Copenhagen’s love affair with the hot dog began in 1921 when the government granted licences for pølsevogn, the street carts that are still wheeled into position around the city each morning. In a time before Thai and Chinese takeaway, the hot dog was Copenhagen’s fast food and still is the essential snack after a night at the clubs or out drinking Carlsberg. Tick both boxes – that’s when I first had mine, from the famed John’s cart outside the main station.
It’s a simple choice between a French-style pølse slipped into a snug hole pierced in the bun (usually with a creamy dressing squirt in the hole first, but ketchup isn’t frowned upon), a fancier frankfurt or the classic røde or red dog. I haven’t wavered since that first time going for the classic ristet or roasted hot dog whether I’m back at John’s or any of the 50 or so other carts around town.
Some say John’s isn’t what it was without the grumpy old bloke cramped in the van, and that trendier pølsevogn have come along like Den Økologiske Pølsemand with its organic menu and dogs served with everything from mashed roots to stewed kale. And now you’ll find dogs made of proteins other than just pork – think goat, beef or chicken – and flavoured with more than the usual whisper of allspice, cardamom, nutmeg or beech-smoke.
Now, I can understand why you might get jack of slinging dogs. I once spent a sweltering day making dogs in a tiny Danish hot dog stand about the size of one of Kenny’s festival toilets. I was stooped, assembling dogs with what I see as the classic garnish – and the thing that makes a Danish dog stand out – a smear of creamy rémoulade, topped with lightly pickled onion, golden crisp onion and a crunchy dill pickles.
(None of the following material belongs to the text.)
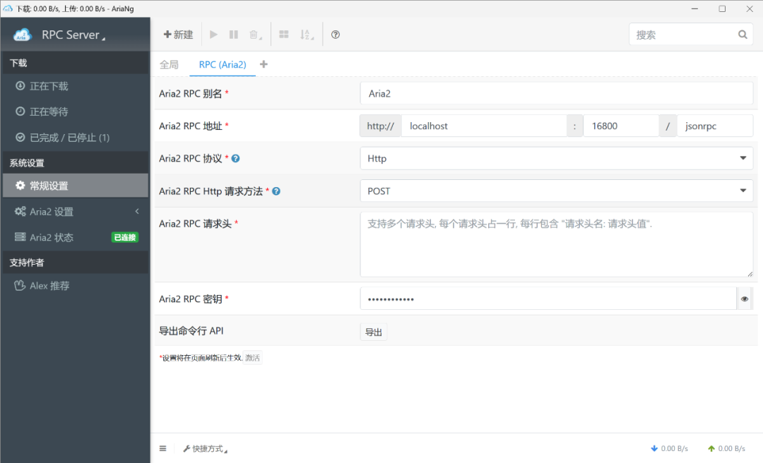 配置浏览器插件的时候,建议从这里配置,从“打开AriaNG”按钮进的话,后续配置浏览器设置会被覆盖。

Yes, there’s mustard and ketchup if you want it. I say “yes” to the former and “no” to the latter.
Even if it’s a million miles from the plates of shaved musk ox and pretty, doll-house constructions of golden roe from Bornholm and wild mulberries served in those renowned fine-diners, I still reckon Copenhagen’s hot dogs are a dish well worth travelling for. And, even better, when you leave Copenhagen there’s a rather good commercial hot dog stand at the airport for your last bite of a true Danish favourite.